"Nous sommes indignés, nous dénonçons de nouveau les politiques menées en Méditerranée centrale, pas seulement par un gouvernement mais par plusieurs. Les difficultés que nous avons eues pour sauver une seule vie sont incroyables", a dénoncé le directeur de l'ONG Oscar Camps lors d'une conférence de presse à Palma de Majorque, port des Baléares où ont accosté plus tôt dans la matinée les deux bateaux de l'organisation.
L'Open Arms, accompagné du voilier Astral, transportait les corps d'une femme et d'un petit garçon récupérés mardi au large de la Libye, ainsi que la survivante du naufrage, une Camerounaise de 40 ans prénommée Josepha, retrouvée en hypothermie par les sauveteurs.
Elle a été prise en charge par la Croix-Rouge espagnole, tandis que les deux corps ont été emmenés par un corbillard.
"Etat de choc"
Pendant ce temps, les membres de l'ONG se sont immédiatement rendus au tribunal de Palma, capitale de l'archipel.
Ils y ont porté plainte pour non-assistance à personne en danger et homicide involontaire contre le capitaine du Triades, le cargo battant pavillon panaméen qui a le premier repéré les migrants et averti les garde-côtes libyens, sans finalement porter secours aux naufragés.
"Nous allons également le faire contre le capitaine du patrouilleur libyen membre des garde-côtes, et contre toute autre personne ayant pu participer aux événements par action ou par omission", a expliqué Oscar Camps.
Il envisage également de déposer une plainte contre les garde-côtes italiens "qui auront quelque chose à dire sur ce qui s'est produit à 80-90 miles de leurs côtes, pratiquement à la même distance que la Libye".
L'ONG espère que le tribunal espagnol de l'Audience nationale, chargé des affaires les plus complexes, pourra se saisir de l'enquête.
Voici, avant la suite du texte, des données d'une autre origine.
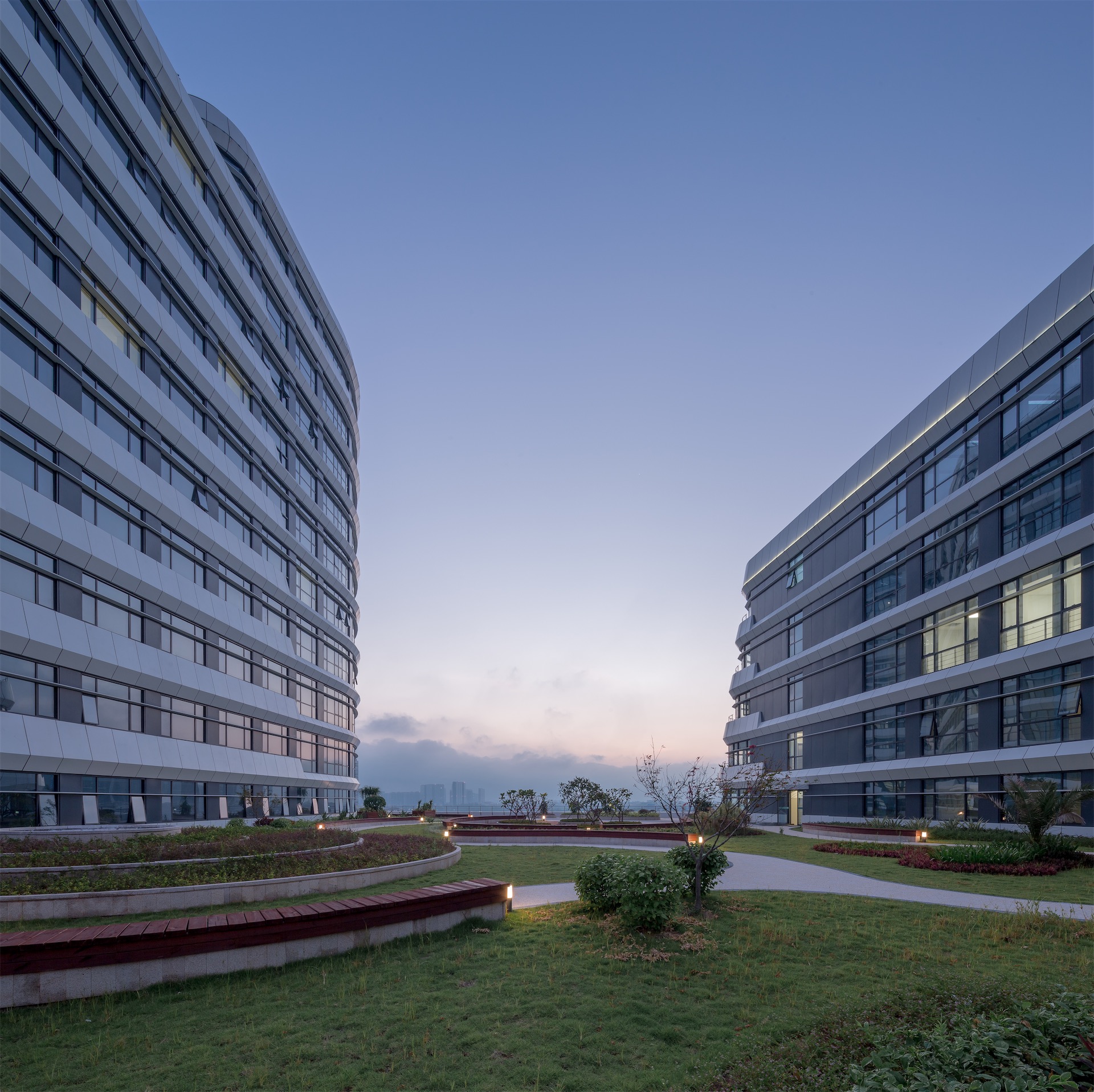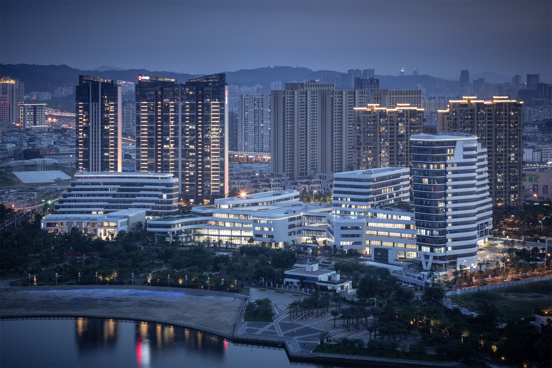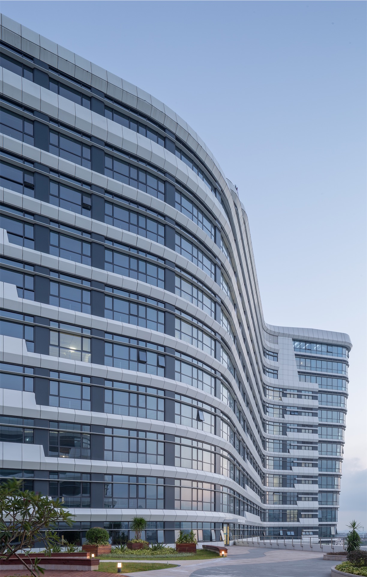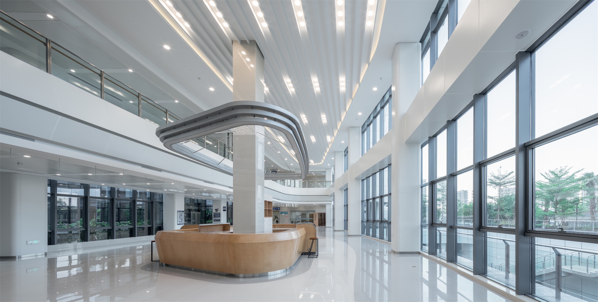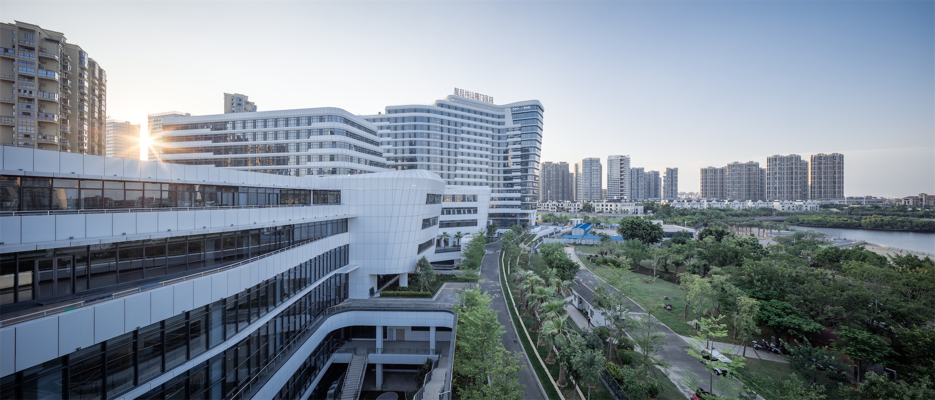 因借五缘湾特有的景观资源和环境资源,以流线型的建筑走势遵从海湾地区的城市肌理,使其不仅是一座观景的建筑,更成为五缘湾卓越景观的一部分。采用高效的医疗功能布局、立体的交通体系和便捷的智能化系统,并以人性化的室内形象和多层次的绿化系统,提供患者全新的就医体验。

Elle a demandé au parquet de "protéger Josepha, car c'est la seule survivante", a ajouté M. Camps, expliquant qu'elle était encore "en état de choc".
Proactiva Open Arms avait expliqué cette semaine avoir choisi de débarquer la survivante en Espagne pour qu'elle puisse garder "son entière liberté pour témoigner", alors même que l'Italie s'était dite disposée à la faire débarquer -- mais pas les corps -- à Catane (Sicile).
L'ONG affirme que les garde-côtes libyens ont abandonné à leur sort les deux femmes et le petit garçon, après avoir secouru les autres migrants à bord du canot. L'embarcation portait les traces des coups de couteau des secouristes qui détruisent toujours les embarcations afin qu'elles ne soient pas réutilisées.
Les Libyens ont expliqué avoir secouru 165 migrants sur un canot dans la même zone dans la nuit de lundi à mardi, mais démentent avoir laissé quiconque à bord, tout en rappelant leur manque de moyens, en particulier pour les opérations de nuit.
"Silence complice"
Les membres de l'opération de l'Open Arms s'en sont durement pris aux autorités italiennes.
"Le gouvernement italien, avec le silence complice de l'Europe, finance des milices, des trafiquants, des groupes criminels qui se sont organisés pour former ce qu'ils appellent les garde-côtes libyens" a critiqué le député italien Erasmo Palazzotto, du parti du gauche Liberi e Uguali (Libres et Egaux), soulignant qu'"aujourd'hui, il n'y pas d'autorités qui contrôlent quoi que ce soit en Libye".
"Tout le monde exige une réponse pour savoir ce qui s'est passé", a complété la star du basket espagnol Marc Gasol, qui participait à la mission au sauvetage.
"Je suis désolé, mais Open Arms se trompe de cible. L'Italie est un exemple en Méditerranée pour son humanité et l'efficacité des secours. (...) Les polémiques instrumentalisées ne nous intéressent pas, il s'agit de travailler pour éviter les morts en mer", a rétorqué Danilo Toninelli, figure du mouvement populiste M5S et ministre des Transports qui a les garde-côtes en tutelle.
En mars, l'Open Arms avait été maintenu sous séquestre pendant un mois en Sicile, sur des accusations d'aide à l'immigration clandestine. Son capitaine Marc Reig a indiqué que le navire repartirait au large de la Libye dès que possible pour reprendre sa mission, sans doute "dès dimanche".